I suspect that my decision to focus my reading on Being and Time, the translation by John Macquarie and Edward Robinson of Martin Heidegger's Sein und Zeit, may raise some eyebrows. It may very well be one of the ways in which I am coming to terms with my age, figuring that I may be approaching a time when I may start to have difficulty processing that kind of writing. At the same time, somewhere in the back of my head, I heard the voice of my former advisor declaring that he could not trust anyone who could only read Heidegger in English translation. At least I appreciate his reasoning. Sein und Zeit was rich with made-up words; and I suspect that one could write a fascinating thesis on the hypothesis that many, if not most, of the key ideas in the book may have emerged out of Heidegger's enjoyment in playing with words at the lexical level and then seeing what the semantic implications were. Still my advisor was taking a dig at a former colleague, who may have deserved the attack but probably should still have his name withheld.
Nevertheless, I feel I owe it to myself to see just what Heidegger was getting at (or trying to get at) in the massive (and incomplete) project. My reasons go back over a decade to when I was still part of the Silicon Valley research community and everyone was in thrall with the idea of "knowledge" (as opposed to "artificial intelligence") as an object of research, all in the interest of a domain that called itself "knowledge management." At the time I was working for a guy who felt that the future would lie in solving the problem he called "corporate memory" (also sometimes known as "institutional memory"). Put in the simplest terms, the problem was one of how the knowledge of an individual could outlive that individual (or at least that individual's tenure with the firm).

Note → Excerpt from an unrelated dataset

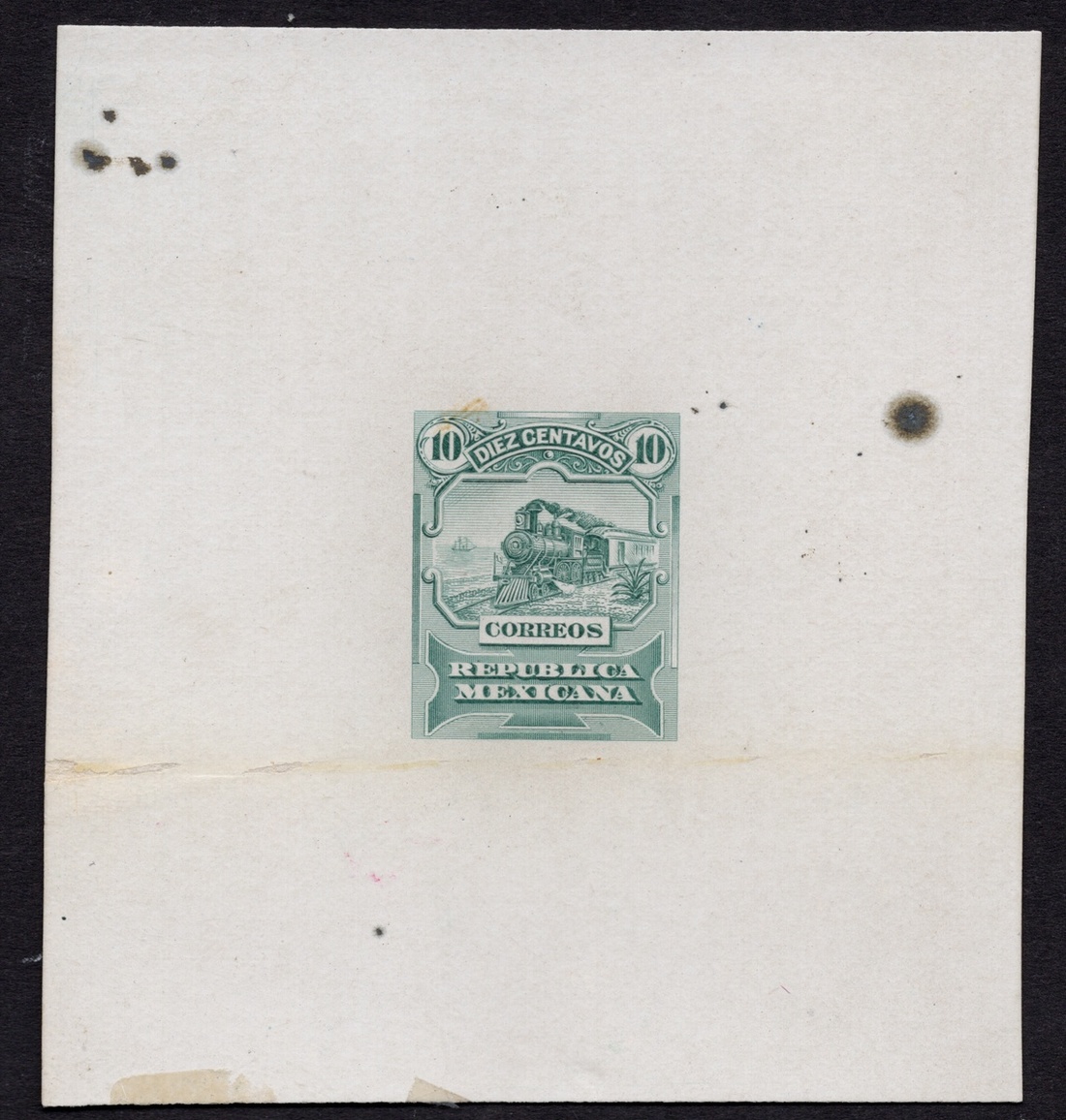 1895 10c. Green, die proof of unissued design (essay) on glossy card. Some oxidation spots not detracting from this unique piece. The only known example, exhibiting a similar design to the 10 Pesos, but denominated 10 centavos. Roberto Liera considered this one of the rarest items of Mexican philately. Ingham described it as "very scarce if not unique". Note: John Bash mentions this essay, and the other essay of the frame also offered in this sale, on page 312 of "Mexicana" (October 1964) and Chapman adds: "This proof is a designed by Edward Bouligay of 'Bouligay and Schmidt'. The die proof was damaged because it was applied pressure before being hardened and therefore is likely this is the unique example in existence".

Unfortunately, I found myself following up on perspectives that made it clear that this "memory problem" was not one that could be solved by building bigger databases or better interfaces to those databases. The bottom line was that "knowledge" was not noun-based. Having knowledge did not mean having artifacts, even digital artifacts, that your rivals did not have. Rather, it was verb-based. Having knowledge was a shallow proposition. Knowledge only revealed itself through what we did.
I suppose that is why this research continued to interest me even after I broke my ties with Silicon Valley. It did not take long to surface in my thoughts about music, particularly my decision to prioritize the verb-based perspective of making music over the noun-based perspective that tries to reduce the study of music to the study of artifacts, such as score pages. Once, when I was trying to explain myself to a recent graduate from the San Francisco Conservatory of Music, I said that everyone in Silicon Valley lived in a world of nouns and adjectives, while musicians can only live in a world of verbs. To my surprise, his eyes did not glaze over; and they even lit up a bit.

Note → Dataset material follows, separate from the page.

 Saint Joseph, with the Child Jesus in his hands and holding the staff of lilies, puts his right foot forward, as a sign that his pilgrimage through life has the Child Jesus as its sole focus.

So I suppose it was only a matter of time before I would have to confront what Heidegger had to say about such things. After all, it does not take long for him to put up the precept that talking about "being" means talking about the word itself as a progressive verb rather than part of a noun form (as in "human being"). All this emerges in relative (at least for Heidegger) clarity long before he brings time into his approach to inquiry.

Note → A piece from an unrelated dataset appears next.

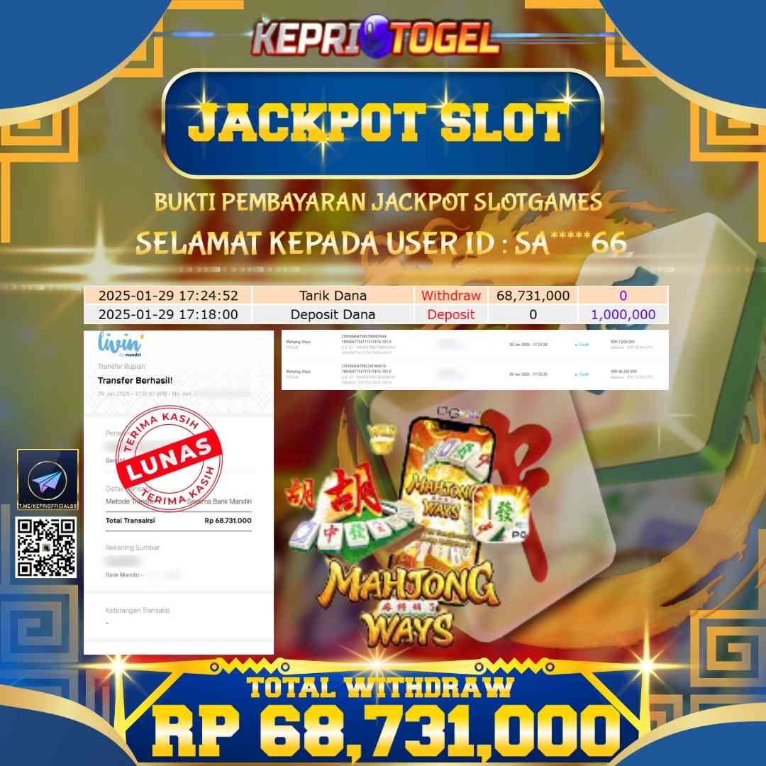 Kepritogel Jackpot Slot Mahjong Ways Rp68,731,000

Fortunately, I can be patient about it, sometimes advancing only a few paragraphs at a time but without ever feeling as if I were in a hurry. This was the way I used to deal with things when I was still trying to bring the ideas behind my doctoral thesis into focus, and I was fortunate in having advisors who did not pressure me to rush things. Corporate research is not like that, nor, for that matter, is academic research, which is more beholden to funding sources than to intellectual inquiry. All I need to do is keep my own cerebral matter in shape and hope that I can maintain these practices for a few more good years, even if it is just for the pleasure of clarifying matters to myself.